One of the moons of Mars, Phobos. A recent study by researchers in Stony Brook’s Department of Geoscience found evidence that suggests Mars’ moons may have been created due to impact with the planet.  PUBLIC DOMAIN

Researchers from the Department of Geosciences published a study in September with evidence that suggests Mars’ moons may have been created by a large impact on the planet after rocks were captured by it.

“The study is significant because our results suggest that Phobos, one of the moons of Mars, was formed as the result of a giant impact, much like one of the leading theories of our own Moon’s formation, and was not an asteroid captured by Mars; gravity as has been the common theory,” junior geology major and undergraduate researcher at Stony Brook, Alexander Kling wrote in an email. Kling was responsible for the preparations of some of the samples used in the study and collecting some of the data.

The study analyzed where the Martian moons Phobos and Deimos came from. Results suggest they are captured asteroids that originated from an area near Mars.
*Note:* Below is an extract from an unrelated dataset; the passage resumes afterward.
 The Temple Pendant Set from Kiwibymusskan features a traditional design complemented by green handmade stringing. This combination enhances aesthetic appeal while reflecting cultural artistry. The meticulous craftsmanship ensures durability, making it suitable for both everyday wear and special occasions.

“My study was trying to use a different type of data to take another look and compare Phobos to meteorites that we think are similar to asteroids, and what it showed is that Phobos doesn’t look like asteroids. We think it might be a piece of the Martian crust,” Associate Professor in the Department of Geosciences, Timothy Glotch, the study’s principal investigator, said. “One idea is that certain waves of light look similar to asteroids in the main belt of the solar system. They’re also chunks of Mars after it was hit, then Phobos and Deimos were what was left from that material that was ejected from Mars as a result of this large impact.”
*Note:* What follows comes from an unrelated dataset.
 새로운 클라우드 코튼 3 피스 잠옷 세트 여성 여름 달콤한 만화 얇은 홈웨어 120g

Glotch was assisted by Stony Brook postdoctoral researcher Dr. Katherine Shirley, Kling and Brigham Young University graduate student Dylan McDougall.


The study was performed at the Stony Brook Vibrational Spectroscopy Lab’s Center for Planetary Exploration. Both Kling and McDougall used the Planetary and Asteroid Regolith Spectroscopy Environment Chamber (PARSEC), which illuminates rock samples under cold, airless conditions so that they can measure the samples’ spectral “fingerprint” in thermal infrared radiation.

“We used contained crushed basalt, an igneous rock type found on the surface of Mars, Nontronite, a clay mineral also found on Mars, and a crushed piece of Tagish Lake, a meteorite containing the purest, oldest material in the solar system,” McDougall explained. “We compared this to the spectral fingerprint of Phobos from the Thermal Emission Spectrometer (TES), an instrument that orbited Mars on the Mars Global Surveyor probe.”

McDougall said that measuring materials as dark as Phobos was difficult since Phobos is only 1 percent more reflective than a perfectly dark surface. “To make the samples that dark, we mixed in very fine carbon powder, 90 nanometer-sized particles derived from the ash left over after burning acetylene. Because we measured the samples using a thermal infrared spectrometer, the samples had to be heated so that they would emit infrared radiation,” he said.

The study suggests that the creation of Phobos is most consistent with the presence of a basaltic component, perhaps with a mix of minerals. Because the Martian crust is mostly composed of basaltic rocks, the results indicate that the creation of Phobos and Deimos resulted from an impact with Mars.

“While our study cannot definitively say that Phobos was formed by a giant impact, it is still a step in that direction and has helped lay more of the groundwork for future studies into this,” Kling said.


Correction: Nov. 5, 2018 

A previous version of this story misspelled Kling’s last name. It also mistakenly identified Kling as a graduate student.